> Work task: Return the stretch from the line with "葉っぱ🌱だけだった鉢がボチボチ咲いてきてます💠 しかしボーボーだねえ💂♀️" through the line with "大夥兒來到停車場, 吃著香甜的西瓜, 享受這" in the data below, character for character, skipping all pictures.

> Records supplied:
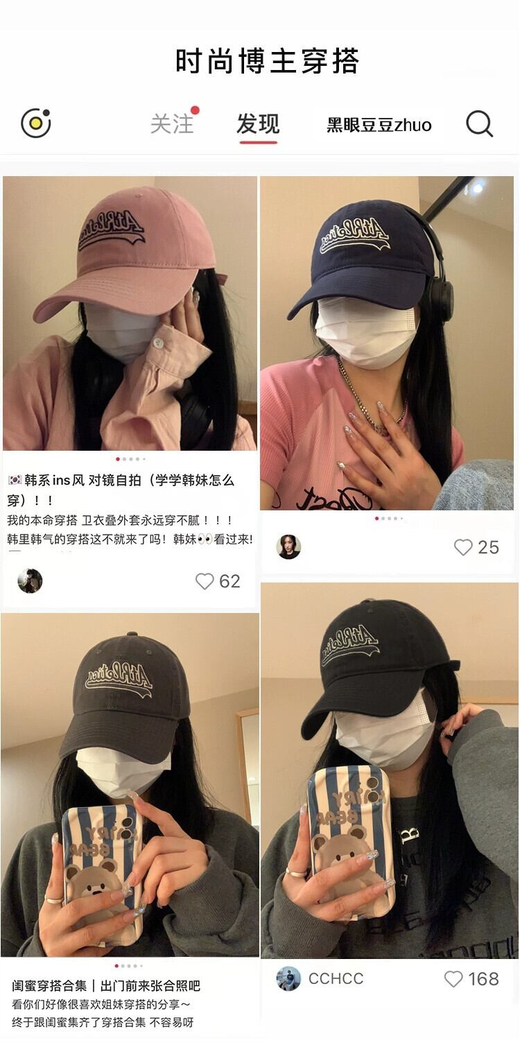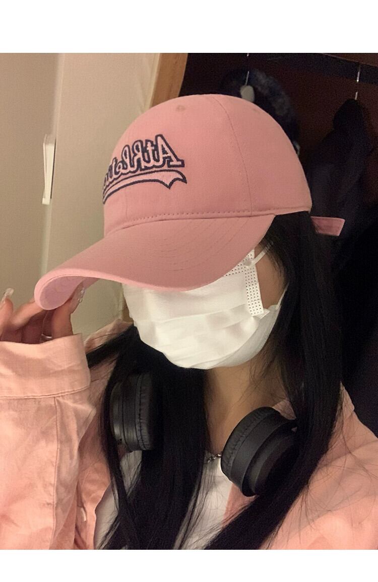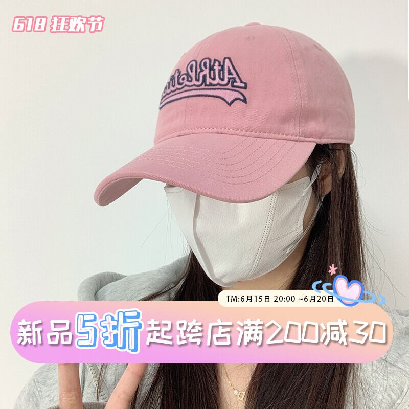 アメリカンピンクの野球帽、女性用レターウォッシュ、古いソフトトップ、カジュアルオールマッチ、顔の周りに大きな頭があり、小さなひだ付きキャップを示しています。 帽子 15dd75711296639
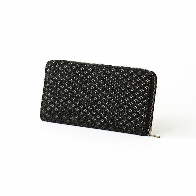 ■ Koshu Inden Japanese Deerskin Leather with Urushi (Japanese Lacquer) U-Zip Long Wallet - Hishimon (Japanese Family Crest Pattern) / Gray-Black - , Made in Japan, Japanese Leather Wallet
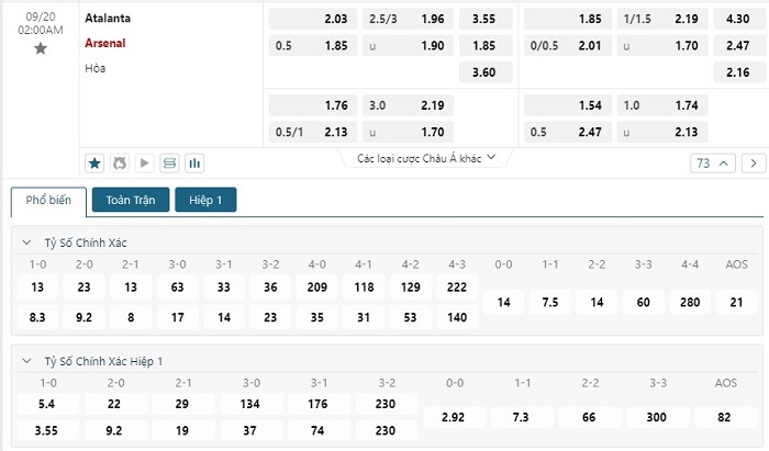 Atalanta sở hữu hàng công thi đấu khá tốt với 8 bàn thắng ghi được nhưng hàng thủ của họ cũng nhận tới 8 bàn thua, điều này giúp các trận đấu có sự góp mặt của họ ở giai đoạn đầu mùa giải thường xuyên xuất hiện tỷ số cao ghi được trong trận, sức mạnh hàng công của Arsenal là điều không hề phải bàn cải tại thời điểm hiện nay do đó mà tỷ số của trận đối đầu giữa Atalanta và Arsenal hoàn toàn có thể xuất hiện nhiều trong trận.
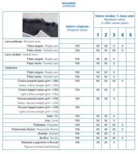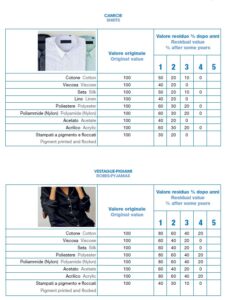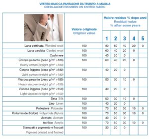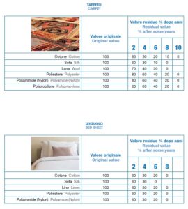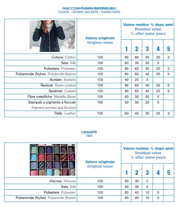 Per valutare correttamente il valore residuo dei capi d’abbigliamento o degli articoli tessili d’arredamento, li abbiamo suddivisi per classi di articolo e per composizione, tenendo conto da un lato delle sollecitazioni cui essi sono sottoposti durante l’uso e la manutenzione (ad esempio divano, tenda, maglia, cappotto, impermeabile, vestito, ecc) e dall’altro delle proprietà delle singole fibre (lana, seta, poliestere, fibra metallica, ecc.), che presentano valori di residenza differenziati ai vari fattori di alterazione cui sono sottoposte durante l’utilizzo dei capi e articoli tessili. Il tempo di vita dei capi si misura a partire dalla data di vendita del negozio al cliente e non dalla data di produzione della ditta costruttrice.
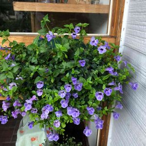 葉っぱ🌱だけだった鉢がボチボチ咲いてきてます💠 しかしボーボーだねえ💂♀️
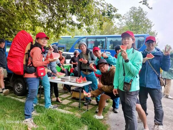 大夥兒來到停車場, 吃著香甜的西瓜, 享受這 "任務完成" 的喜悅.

==

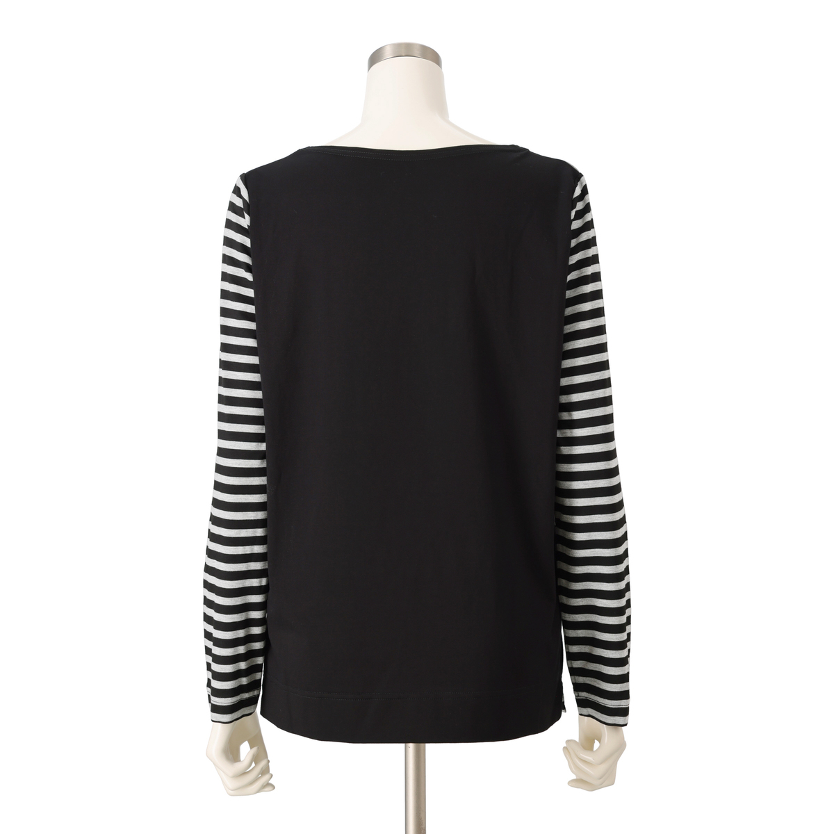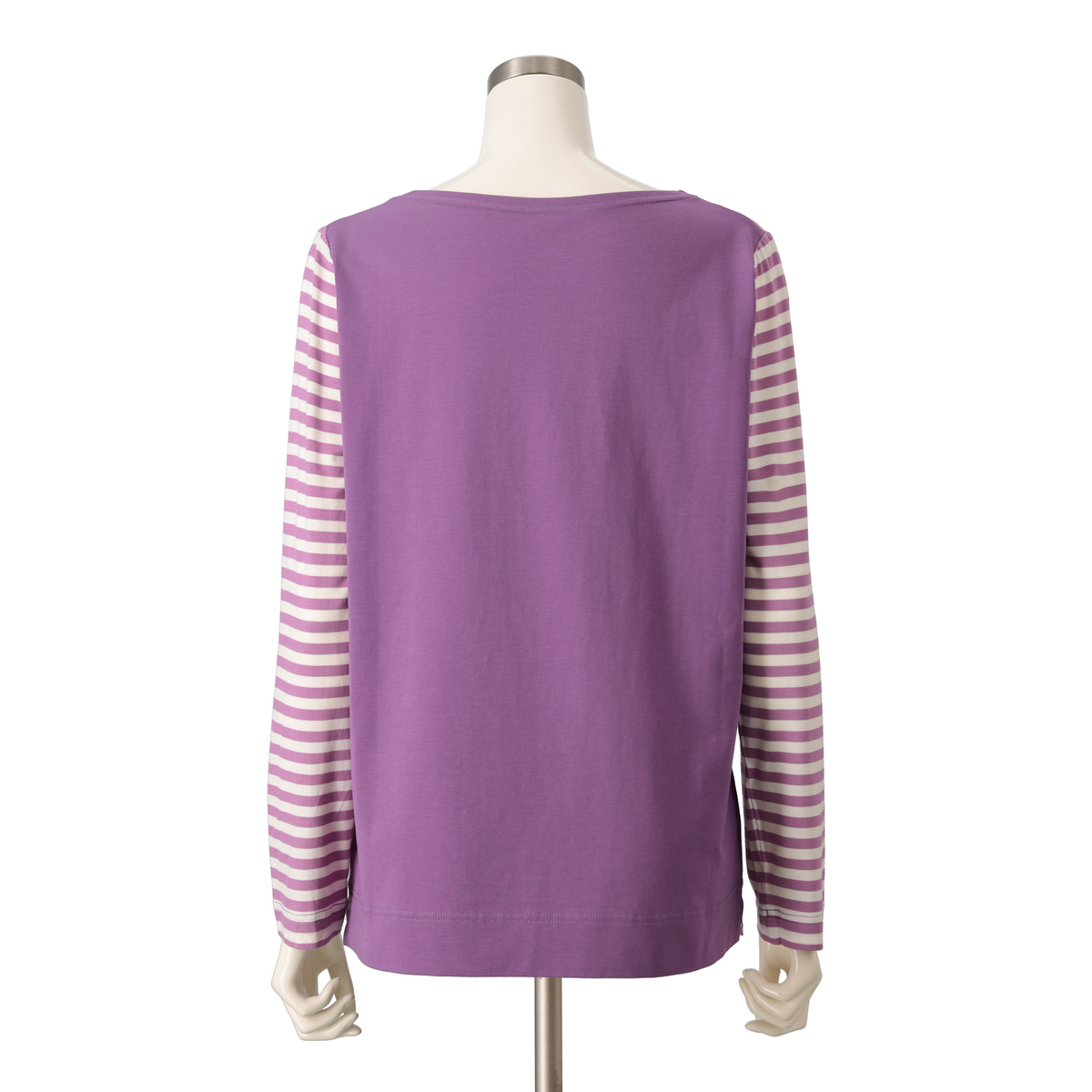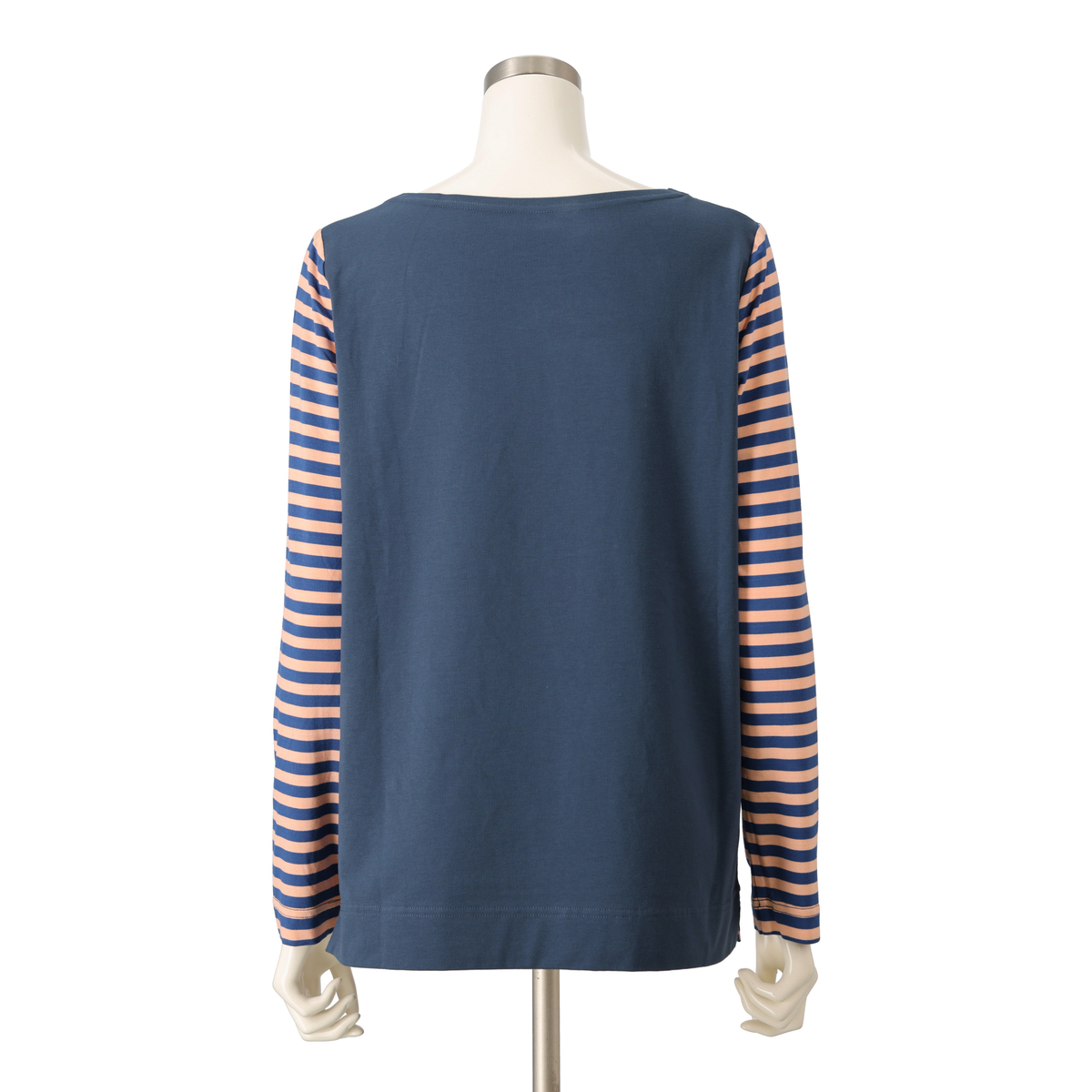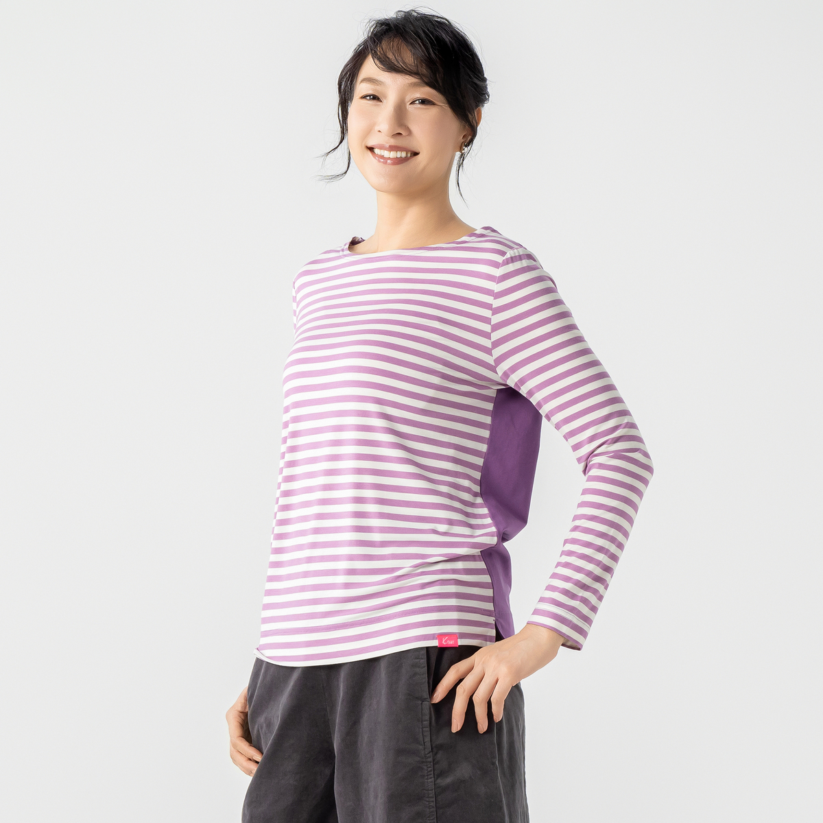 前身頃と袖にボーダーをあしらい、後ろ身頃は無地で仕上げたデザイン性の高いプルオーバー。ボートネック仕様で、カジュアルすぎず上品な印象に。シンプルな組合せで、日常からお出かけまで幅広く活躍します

> Response:
 葉っぱ🌱だけだった鉢がボチボチ咲いてきてます💠 しかしボーボーだねえ💂♀️
 大夥兒來到停車場, 吃著香甜的西瓜, 享受這 "任務完成" 的喜悅.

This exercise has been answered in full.